((

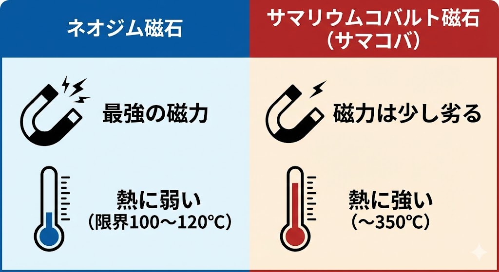 - ネオジム磁石: 最強の磁力でコンパクトですが、熱に弱い(限界100〜120℃)のが弱点です。
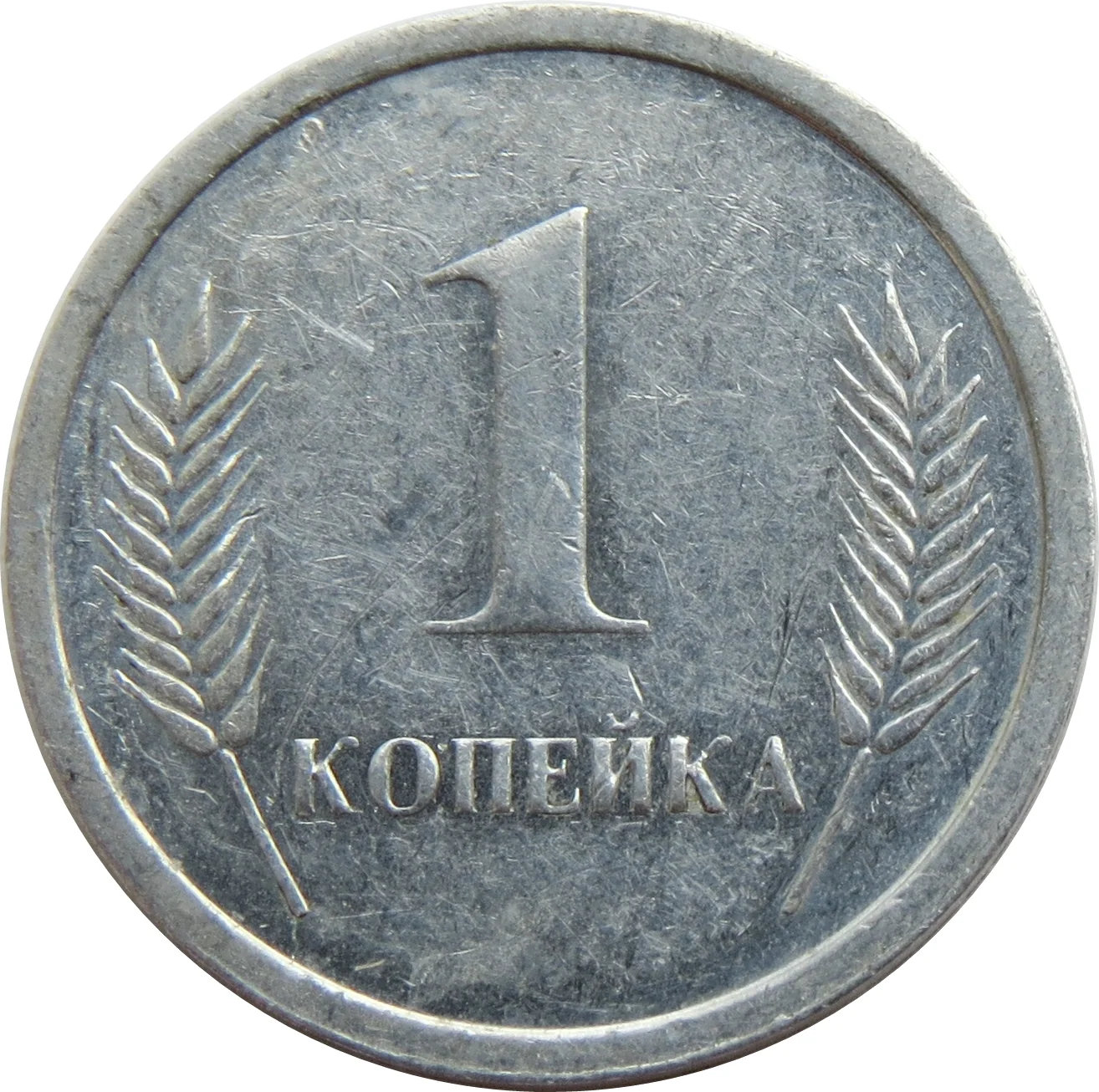 An embossed "1" framed by wheat ears, with "КОПЕЙКА" below.
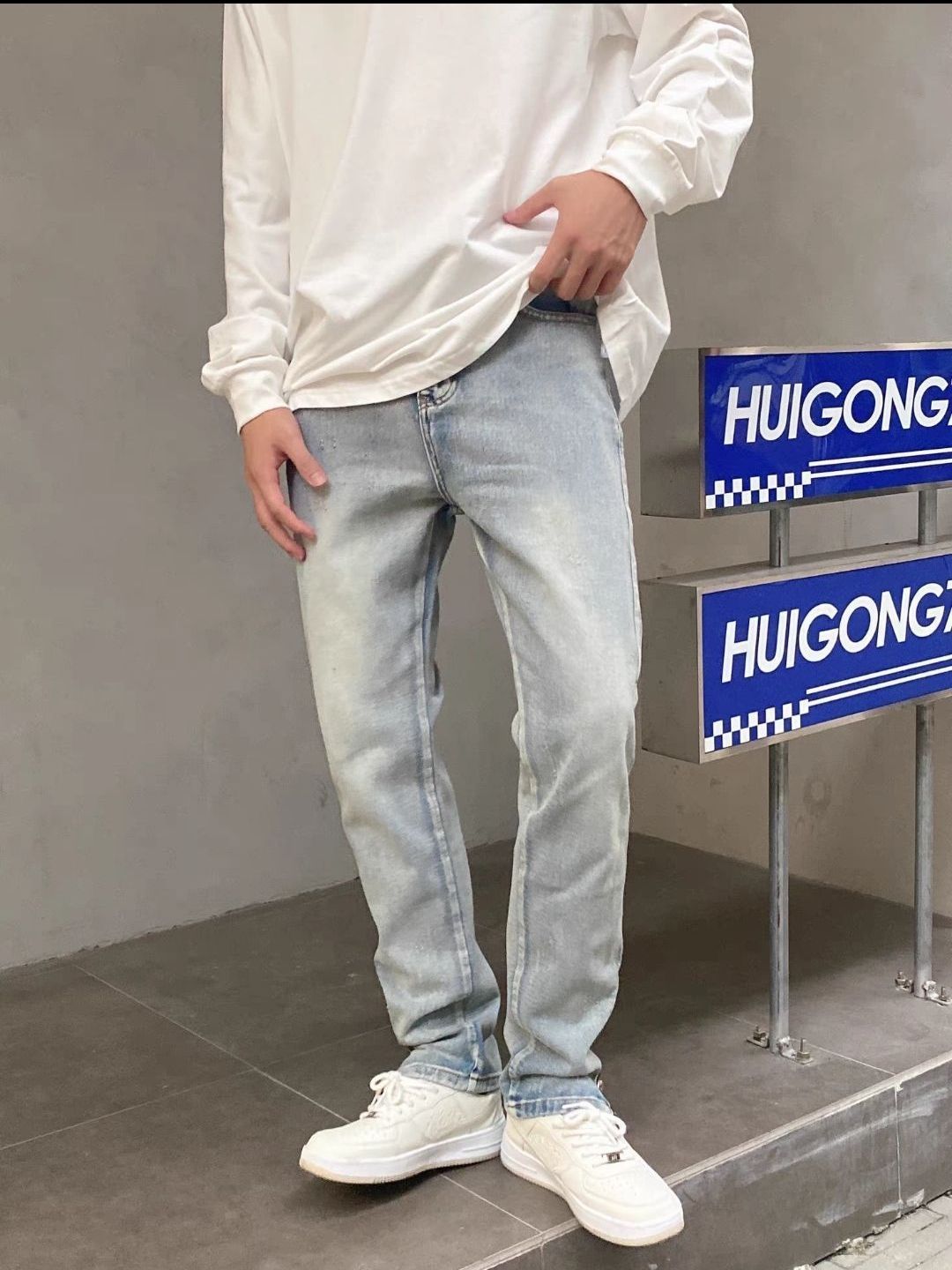 🌵🌵🌵UKTN 2022AW复古直筒宽松牛仔裤 🦔🦔🦔 米色卫衣 白色内搭 蓝色牛仔裤 白色运动裤 🐈🐈🐈 牛仔裤版型好看的,男生女生都可以穿,中性风穿搭真的好看,这个男生很青春,真的是男大学生的feel🐩🐩面料也柔软,不像别的牛仔裤一样硬硬的,洗的时候也不会下色🎄🎄 🐿🐿 上班穿搭或者是日常逛街还是约会都是一个不错的选择!!! 🐕🐕(图片来自网络 侵删
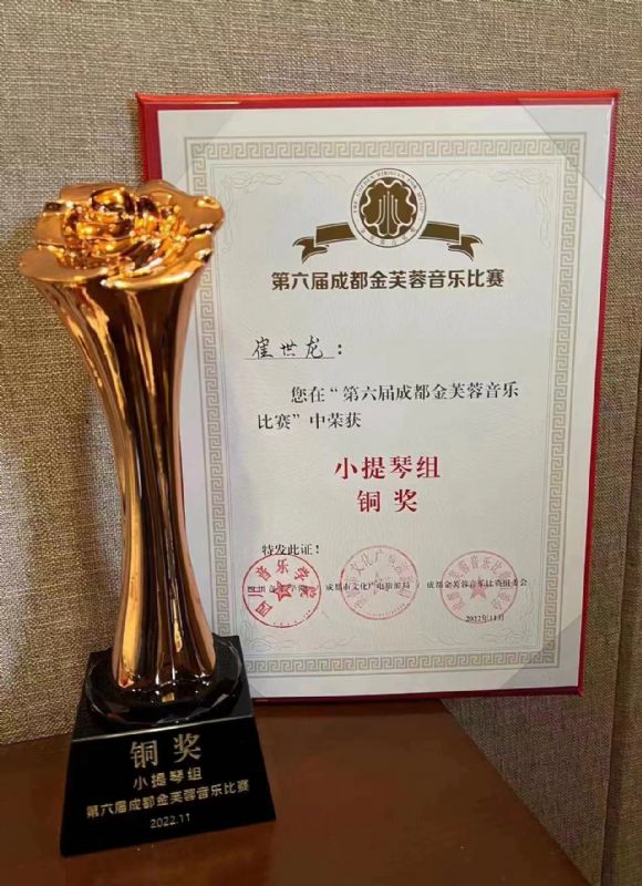 我系2022级小提琴专业研究生崔世龙,荣获第六届成都金芙蓉音乐比赛小提琴专业组铜奖。(指导教师:贾晓程教授)
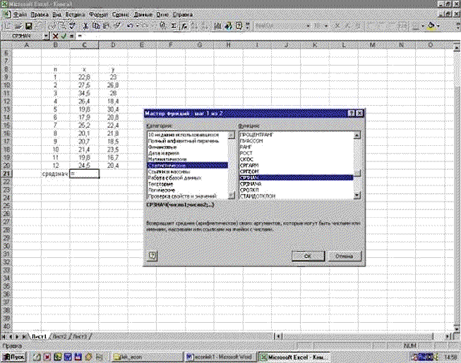 - c) в появившемся диалоговом окне на поле ''категория'' выбрать ''статистические'', в поле функция выбрать ''СРЕДЗНАЧ'';

))

▶ _Instructions to follow_: Instruction for this listing: copy it exactly, but leave the images behind.

▶ _Expected answer_:
 - ネオジム磁石: 最強の磁力でコンパクトですが、熱に弱い(限界100〜120℃)のが弱点です。
 An embossed "1" framed by wheat ears, with "КОПЕЙКА" below.
 🌵🌵🌵UKTN 2022AW复古直筒宽松牛仔裤 🦔🦔🦔 米色卫衣 白色内搭 蓝色牛仔裤 白色运动裤 🐈🐈🐈 牛仔裤版型好看的,男生女生都可以穿,中性风穿搭真的好看,这个男生很青春,真的是男大学生的feel🐩🐩面料也柔软,不像别的牛仔裤一样硬硬的,洗的时候也不会下色🎄🎄 🐿🐿 上班穿搭或者是日常逛街还是约会都是一个不错的选择!!! 🐕🐕(图片来自网络 侵删
 我系2022级小提琴专业研究生崔世龙,荣获第六届成都金芙蓉音乐比赛小提琴专业组铜奖。(指导教师:贾晓程教授)
 - c) в появившемся диалоговом окне на поле ''категория'' выбрать ''статистические'', в поле функция выбрать ''СРЕДЗНАЧ'';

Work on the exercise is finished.